Monday, June 06, 2011

IFFBoston 2011 Closing Night/Wrap-up: Conan O'Brien Can't Stop (except when reviews are embargoed)

Embargoes are a weird fact of life for the film-critic community - you see a movie early, but with the agreement that the review you write about it will be held to the day of release. For most traditional - that is to say, print - outlets, this isn't a big deal; opening weekend is when the article is most relevant for their readership. The same holds true for online outlets, though to a lesser extent; we're more easily searchable, so it's whether we get more hits for "new & relevant" than for "new" and "relevant" separately is a question best answered on a case-by-case basis.

Films being embargoed at festivals, though, is a really weird thing. Films that already have distribution play festivals to get word-of-mouth, so why try and keep that buried, especially for a film like Conan O'Brien Can't Stop, which is pretty decent? It's also a willing, insidious corruption of the press - it makes critics act a bit more like part of the distributor's publicity plan, rather than outside observers.

It also, in some ways, puts the critics, the ones who can be your best advocates - enthusiastic SQL programmers aside - at a disadvantage. I was asked to hold my review because I attended on a press pass, but by next year, it's not impossible that eFilmCritic will either cease to exist (unlikely) or the festival's standards for who they credential will rise (certainly possible). When that happens, I'll buy my own pass and then post the same sort of thing here and/or on EFC as I did before, only I won't know I'm not supposed to. I'm not exactly sure why I should be treated differently in those cases, much less effectively be trusted more as an unquestioned amateur.

(You may think this unlikely, but it's actually happened - a couple years ago, when attending the Boston Film Festival on my own dime, I saw a movie called Motherhood and wrote a review of it. This got my editor at EFC an email, asking why I was breaking embargo.
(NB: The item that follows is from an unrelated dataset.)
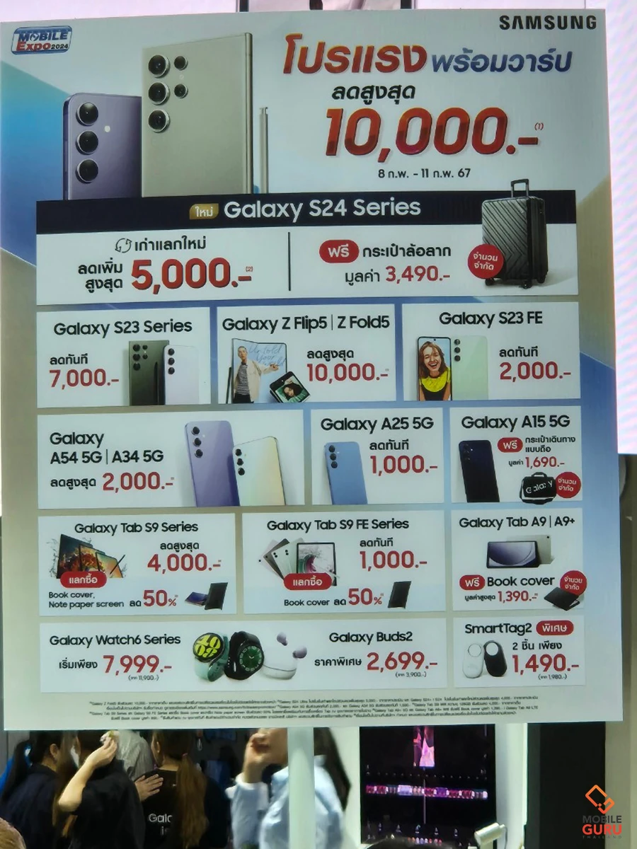- สำหรับลูกค้าที่ซื้อ Galaxy S24 Series ภายในงาน รับฟรีทันทีกระเป๋าล้อลากมูลค่า 3,490 บาท 1 ใบ (จำนวนจำกัด)

He wrote back, saying basically that the screening was open to the public, so trying to keep wraps on it was pretty silly, and besides, you weren't complaining about Variety already having run a review, were you?)

As silly as this is, I'm going along with it, because I don't want to be the one that keeps other EFC guys from getting credentials or IFFBoston from being able to book movies. This does leave me without a review to run here, though, so I'll have to do something else, other than whine about not being able to run a review. So, let's bring on some graphs!

IFFBoston 2011 Review Lag Graph

There's not a whole lot to be gleaned from this graph, other than that I do, by and large, crank out reviews at a pretty steady clip, although it's obviously not quite the rate at which I see movies. Even with that in mind, though, I'm pretty ashamed at how wide the gap between the two lines gets, almost 32 days long at The Whistleblower. That's pretty bad practice; it's not close to fresh in my head. I think I did all right when you look at the reviews, for the most part; I didn't find myself punting things as is occasionally the case with Fantasia.

There are a couple of odd blips there. The one around "Shorts 3: Narratives" comes from the shorts program being the first thing I saw that day but the last thing published, as it had to wait for the blog post to be done as there really isn't a place for it on eFilmCritic. Even if its publication date were set to when I actually finished writing it, the higher slope around We Still Live Here comes from me trying to strike while the iron was hot on some things that would likely have limited runs: Cave of Forgotten Dreams, Rammbock, Queen to Play, and True Legend. There's another sharp upslope between Bellflower and Stake Land, as I write up Legend of the Fist and A Beautiful Life. The zig-zag at Sons of Perdition is me bumping it up in line to have something on EFC, at least, in time for its opening in Boston.

IFFBoston 2011 Venue chart

If you're going to max out your pass, certain parts of this are a given: 4.76% at the Coolidge, 9.52% at Stuart Street, at least 23.8% at the various Somerville rooms. The rest is just a matter of how much the Brattle takes up and how the Somerville stuff is distributed.

I am, tongue-in-cheek, a little disappointed that I spent something like a quarter of the festival in the even numbered rooms in Somerville. I like many things about that theater, but when the eccentric millionaire gives me the cash to build my own, I'll be doing my best to avoid many of the things that make the even numbered rooms, uh, "memorable". They've got center aisles, the rows are very close together, and in an attempt to squeeze as many people as possible in, the front rows are very close to the screen (that's also where the main wheelchair spaces are). If you've got a pass, you're getting in early, so getting the best seats (near the center) means people are going to be climbing over you for the next twenty minutes - many getting in, putting their stuff down, going out, and getting a beer.

It is kind of amusing that I wound up with tickets for all five screens, despite the fact that only four were being used for the festival at any given time. I'll be the ushers and projectionists got sick of hauling that Water for Elephants print around.

IFFBoston 2011 Ratings

I think I did pretty well with my time, though - as you can see, a good two-thirds of the movies I saw rated three stars or higher. I, personally, tend to consider movies 2.5 stars (out of four) and up worth seeing - I'm easy that way - so all and all, this looks like a pretty successful week (and month).